ABOUT THIS EXERCISE :: Beginning with the line that contains "These adorable mini", repeat each line exactly through the end of the listing below. Pictures stay out.

SUPPLIED MATERIAL ::

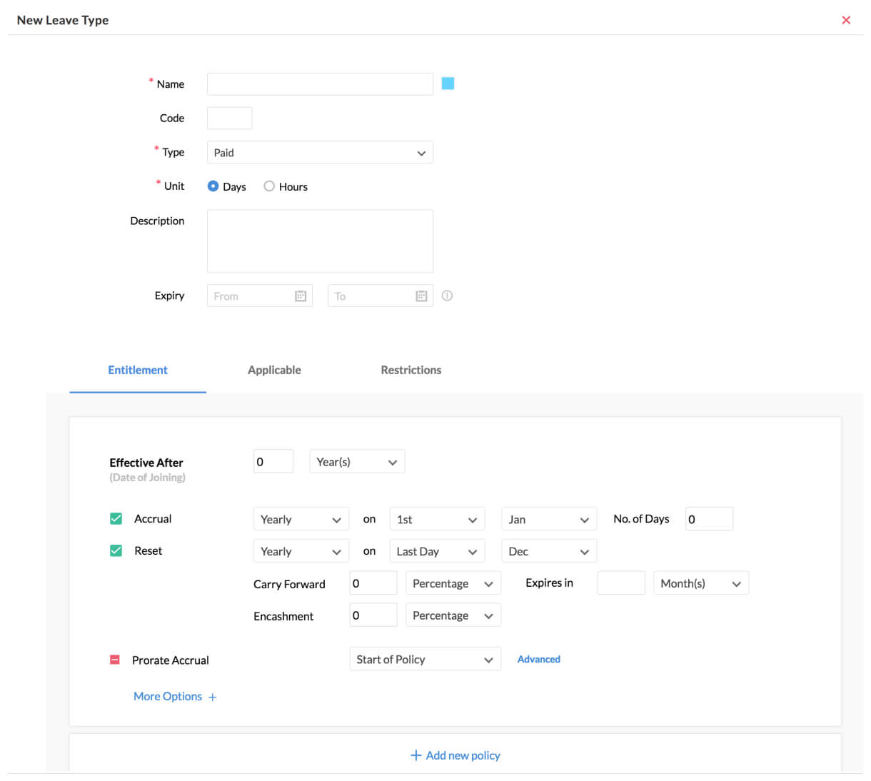 Zoho People新版中,改进了休假管理政策的自定义功能。比如,可以设置年假结余自动转至下一年、休假包含周末、允许休假的每日小时数等。
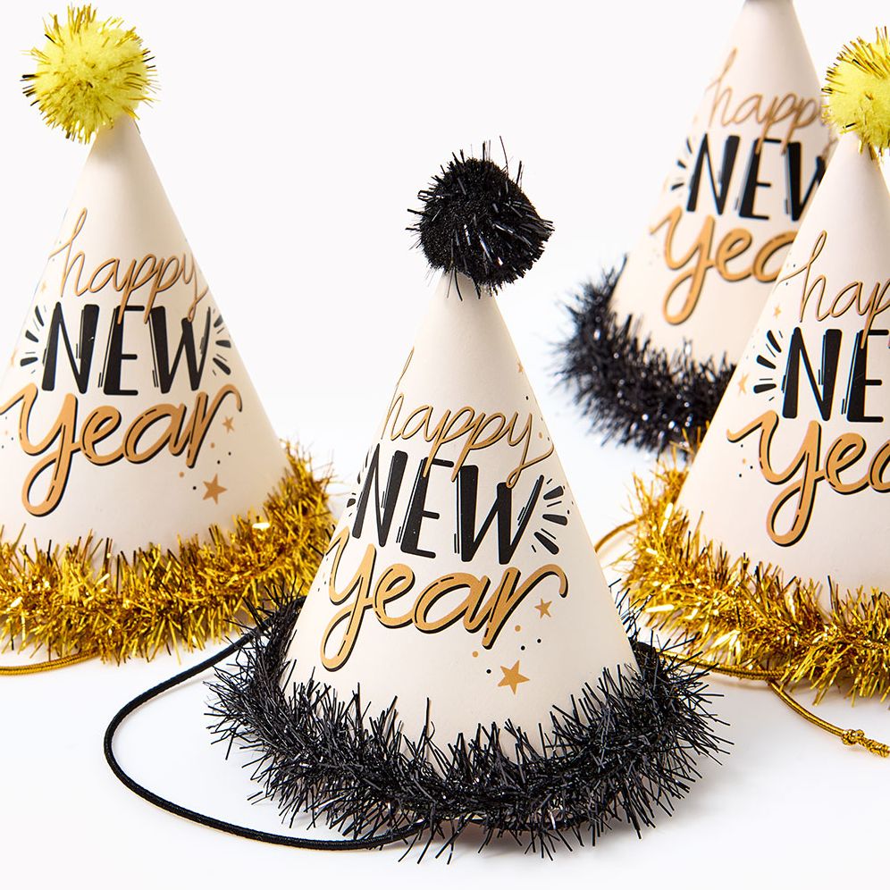These adorable mini party hats are perfect for celebrating the new year! They have little glitter details and say Happy New Year.
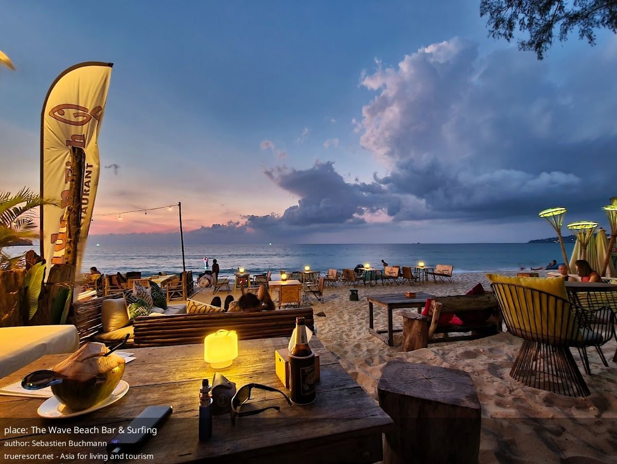 The Wave Beach Bar & Surfing — идеальное пляжное убежище, чтобы забыть о суете: смотреть волны и закаты под чилл‑музыку с холодным пивом и уютом
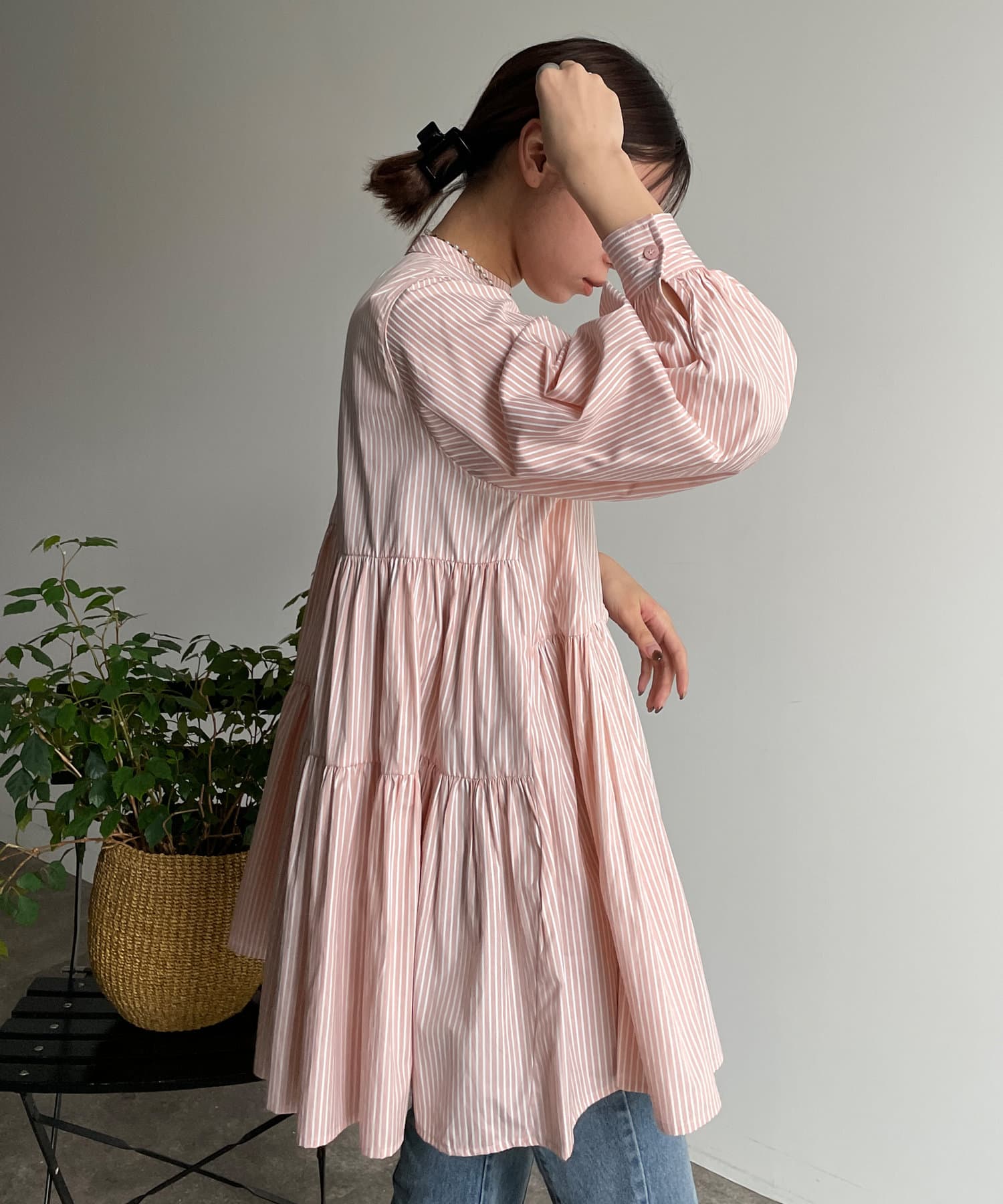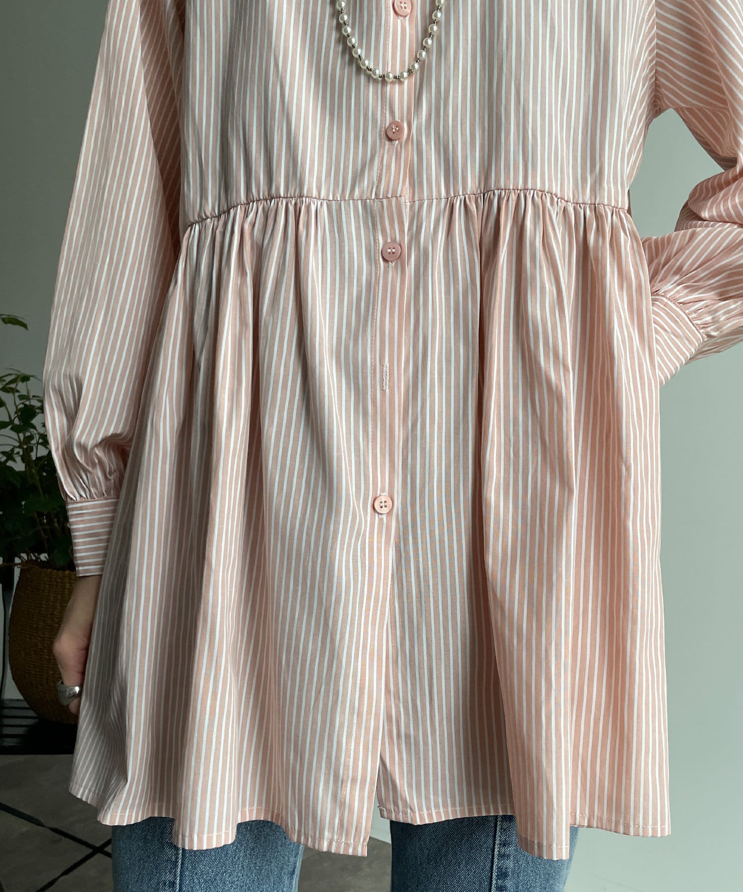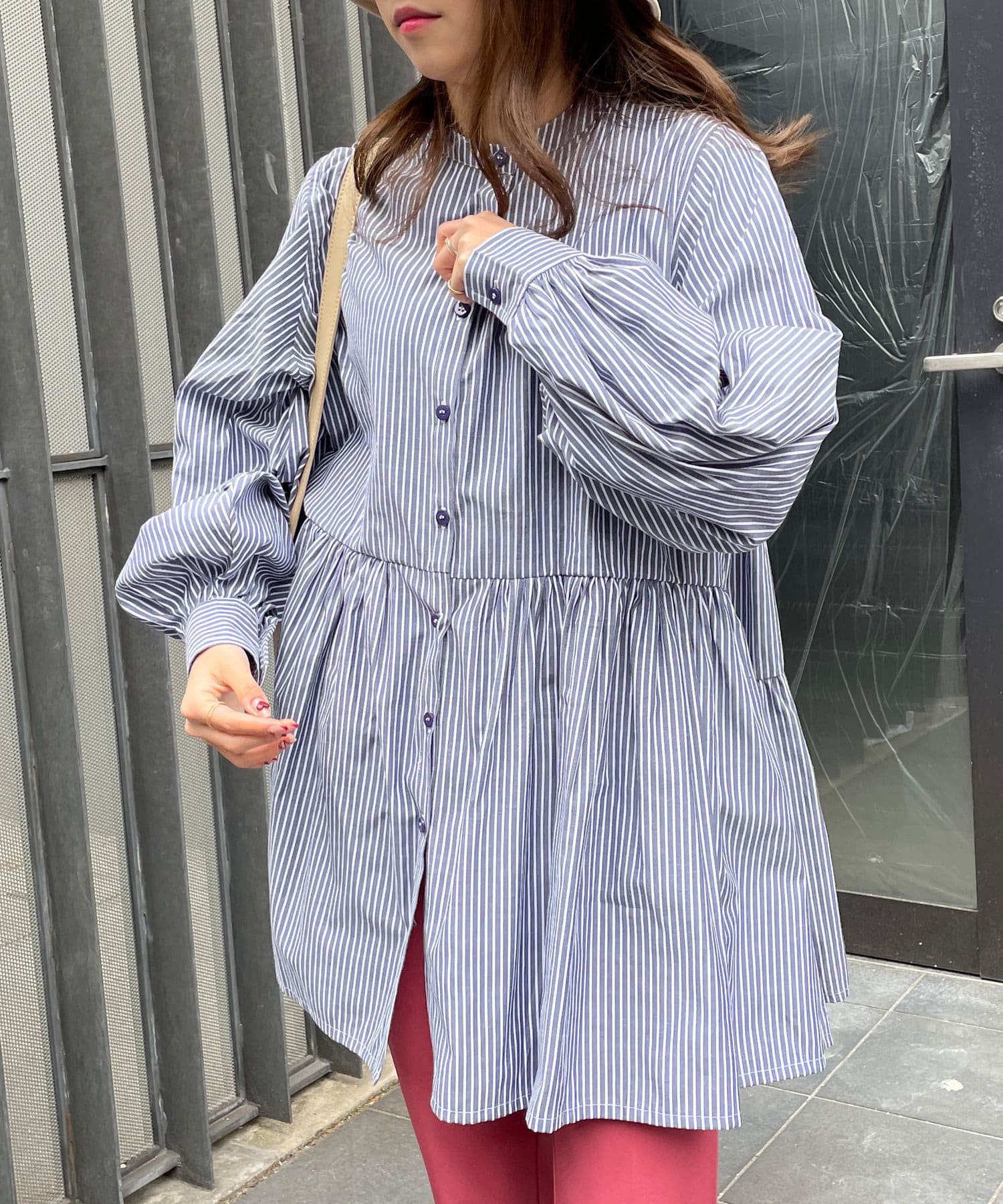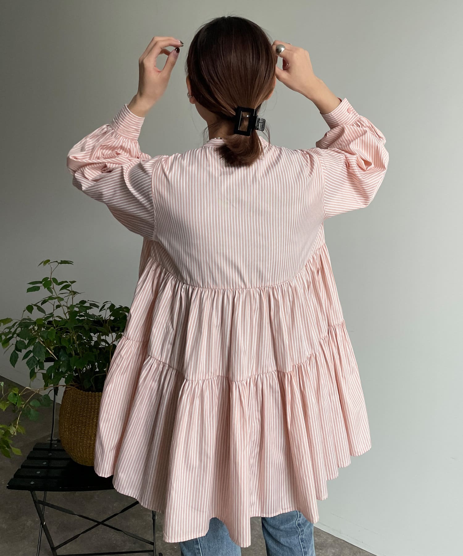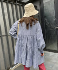 TOP > Thevon. > レディース > トップス > シャツ/ブラウス(ボタン) > ストライプティアードチュニックブラウス

RESPONSE BELOW ::
These adorable mini party hats are perfect for celebrating the new year! They have little glitter details and say Happy New Year.
 The Wave Beach Bar & Surfing — идеальное пляжное убежище, чтобы забыть о суете: смотреть волны и закаты под чилл‑музыку с холодным пивом и уютом
 TOP > Thevon. > レディース > トップス > シャツ/ブラウス(ボタン) > ストライプティアードチュニックブラウス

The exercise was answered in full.